[Entries taken from a collection]
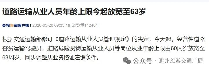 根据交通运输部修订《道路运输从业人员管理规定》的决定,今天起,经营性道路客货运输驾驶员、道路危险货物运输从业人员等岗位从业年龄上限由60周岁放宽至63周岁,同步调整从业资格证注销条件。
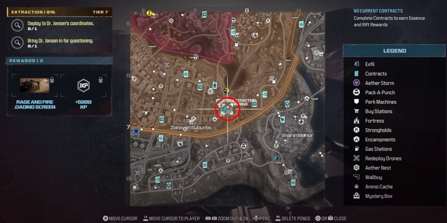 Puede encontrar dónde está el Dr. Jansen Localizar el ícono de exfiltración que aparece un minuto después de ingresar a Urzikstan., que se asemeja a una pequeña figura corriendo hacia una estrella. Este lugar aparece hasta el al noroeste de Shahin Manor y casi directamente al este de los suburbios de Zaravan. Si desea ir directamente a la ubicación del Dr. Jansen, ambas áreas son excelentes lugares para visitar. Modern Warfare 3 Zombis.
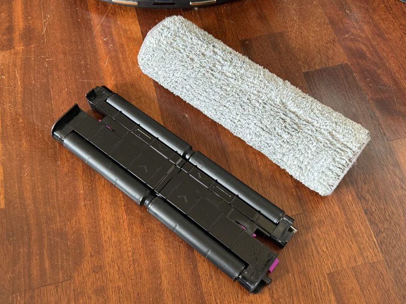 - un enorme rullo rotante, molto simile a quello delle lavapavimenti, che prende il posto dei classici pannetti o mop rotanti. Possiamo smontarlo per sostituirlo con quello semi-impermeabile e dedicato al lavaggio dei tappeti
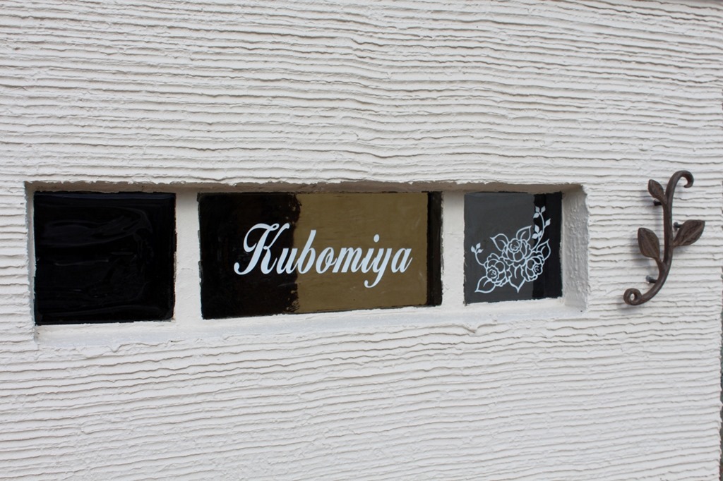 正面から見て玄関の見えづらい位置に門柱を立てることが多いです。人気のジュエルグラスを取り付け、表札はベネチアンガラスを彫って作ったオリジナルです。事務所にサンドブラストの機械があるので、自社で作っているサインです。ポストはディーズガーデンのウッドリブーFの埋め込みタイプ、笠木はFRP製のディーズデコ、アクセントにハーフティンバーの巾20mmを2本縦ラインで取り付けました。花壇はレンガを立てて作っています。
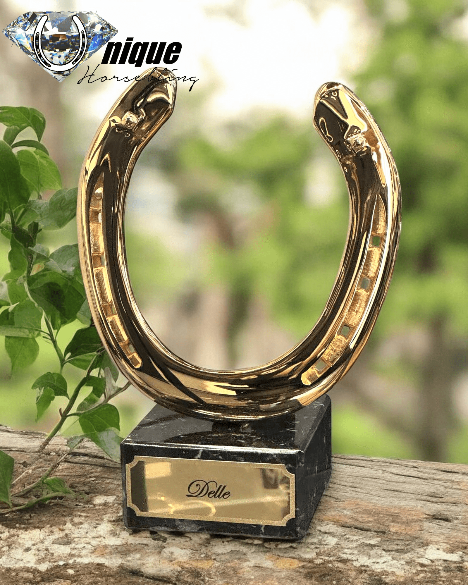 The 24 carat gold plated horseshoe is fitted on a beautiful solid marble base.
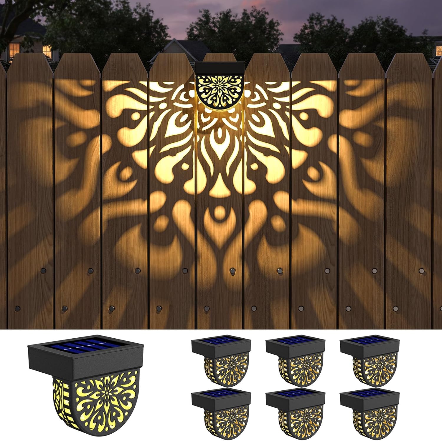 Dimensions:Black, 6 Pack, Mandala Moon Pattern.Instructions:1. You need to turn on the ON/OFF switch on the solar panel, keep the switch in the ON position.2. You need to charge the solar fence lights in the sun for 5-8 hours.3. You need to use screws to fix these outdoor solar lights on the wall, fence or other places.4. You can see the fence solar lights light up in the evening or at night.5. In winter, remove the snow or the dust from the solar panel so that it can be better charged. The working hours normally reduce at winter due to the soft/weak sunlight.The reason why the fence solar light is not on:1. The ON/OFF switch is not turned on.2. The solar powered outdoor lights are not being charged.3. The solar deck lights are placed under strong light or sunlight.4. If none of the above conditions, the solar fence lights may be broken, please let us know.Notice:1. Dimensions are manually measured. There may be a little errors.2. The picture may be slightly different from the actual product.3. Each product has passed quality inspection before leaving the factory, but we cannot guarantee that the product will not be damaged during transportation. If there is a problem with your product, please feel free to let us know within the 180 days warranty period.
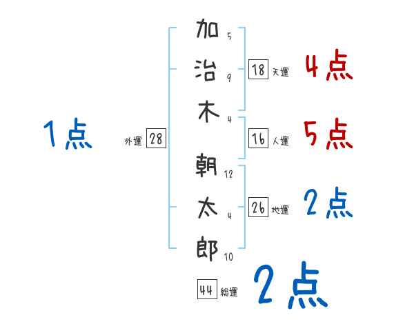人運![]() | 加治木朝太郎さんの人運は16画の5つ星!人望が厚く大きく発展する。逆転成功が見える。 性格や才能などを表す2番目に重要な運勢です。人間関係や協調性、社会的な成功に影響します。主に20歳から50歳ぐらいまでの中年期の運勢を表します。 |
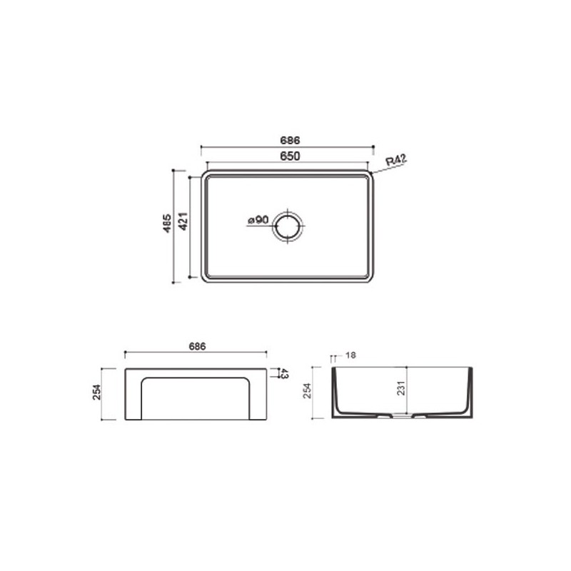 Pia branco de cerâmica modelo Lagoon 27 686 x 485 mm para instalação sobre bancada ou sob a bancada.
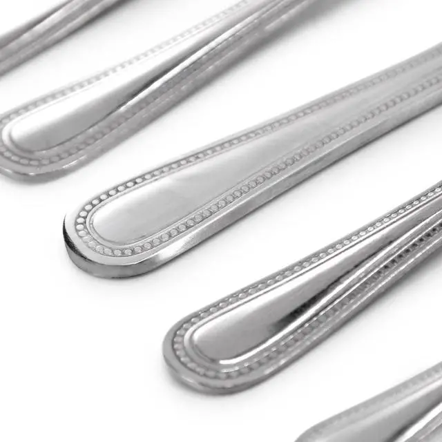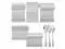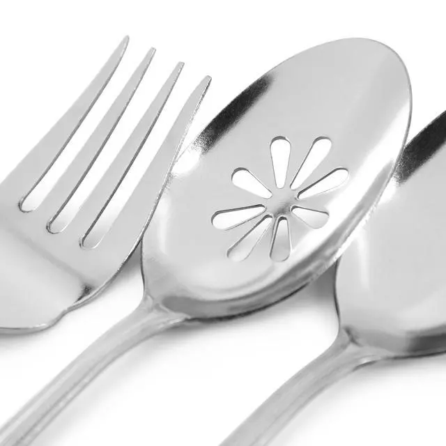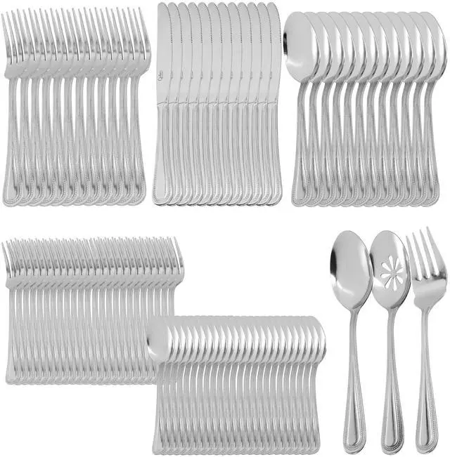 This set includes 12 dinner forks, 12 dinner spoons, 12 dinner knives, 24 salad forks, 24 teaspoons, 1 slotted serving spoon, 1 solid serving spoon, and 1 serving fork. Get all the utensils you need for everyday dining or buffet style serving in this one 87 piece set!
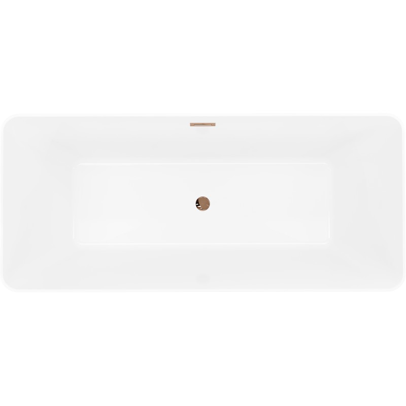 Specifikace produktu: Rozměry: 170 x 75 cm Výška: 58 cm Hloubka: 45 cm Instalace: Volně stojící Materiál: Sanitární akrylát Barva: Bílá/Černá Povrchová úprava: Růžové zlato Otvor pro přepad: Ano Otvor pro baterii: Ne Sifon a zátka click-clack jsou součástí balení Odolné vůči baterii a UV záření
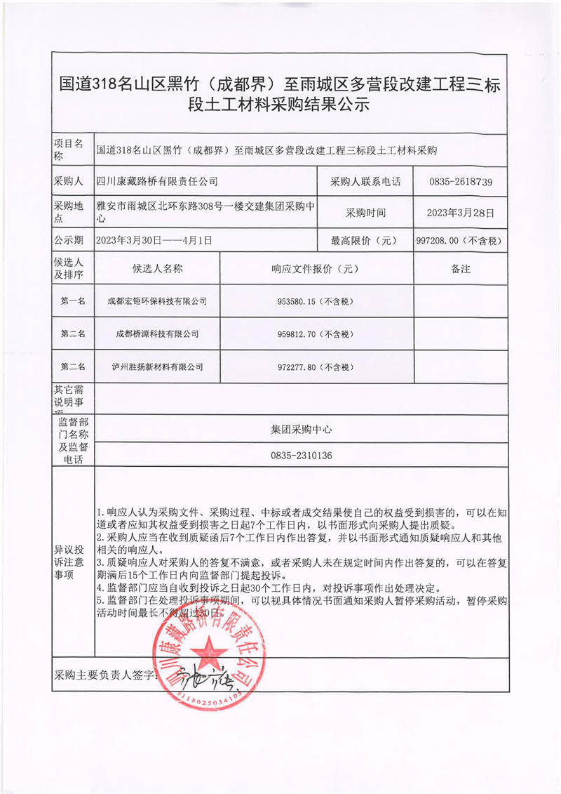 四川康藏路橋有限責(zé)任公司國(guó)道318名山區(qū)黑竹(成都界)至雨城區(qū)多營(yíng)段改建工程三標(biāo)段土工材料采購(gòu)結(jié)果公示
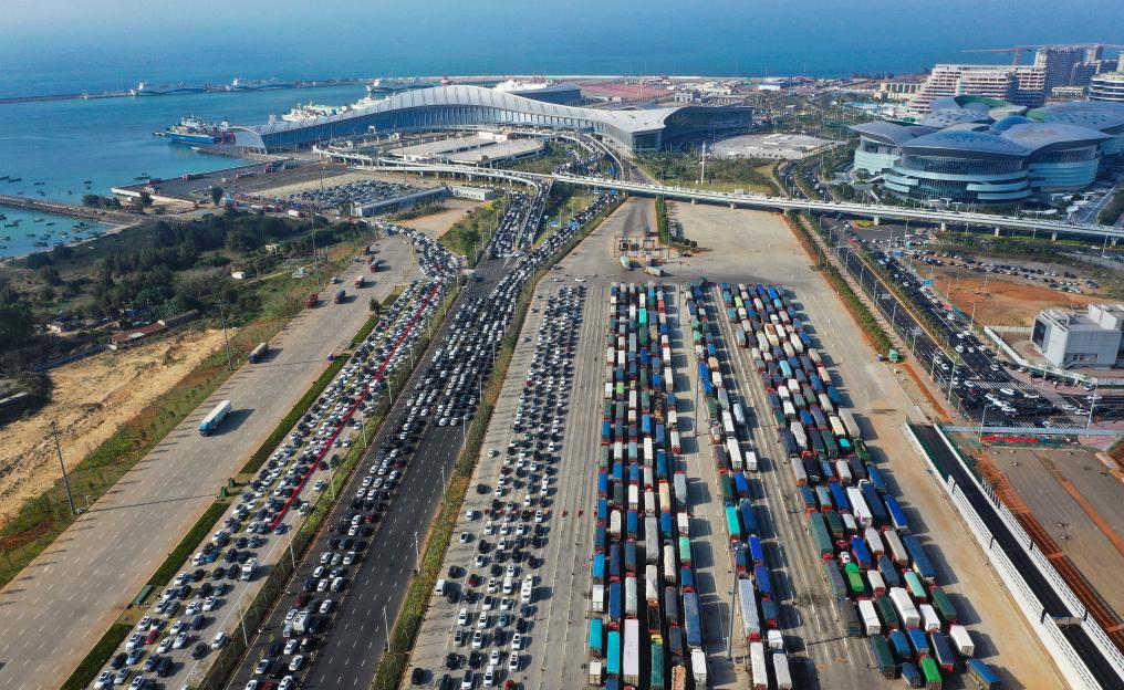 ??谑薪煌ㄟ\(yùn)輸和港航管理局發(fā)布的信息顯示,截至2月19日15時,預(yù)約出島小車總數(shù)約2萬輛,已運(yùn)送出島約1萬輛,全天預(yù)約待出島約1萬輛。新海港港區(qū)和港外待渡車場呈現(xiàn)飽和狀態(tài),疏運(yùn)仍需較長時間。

### Task objective
Extract exactly the lines from the one containing "四川康藏路橋有限責(zé)任" through the last line of the records above, both included, and leave out the pictures.

### Your response
 四川康藏路橋有限責(zé)任公司國(guó)道318名山區(qū)黑竹(成都界)至雨城區(qū)多營(yíng)段改建工程三標(biāo)段土工材料采購(gòu)結(jié)果公示
 ??谑薪煌ㄟ\(yùn)輸和港航管理局發(fā)布的信息顯示,截至2月19日15時,預(yù)約出島小車總數(shù)約2萬輛,已運(yùn)送出島約1萬輛,全天預(yù)約待出島約1萬輛。新海港港區(qū)和港外待渡車場呈現(xiàn)飽和狀態(tài),疏運(yùn)仍需較長時間。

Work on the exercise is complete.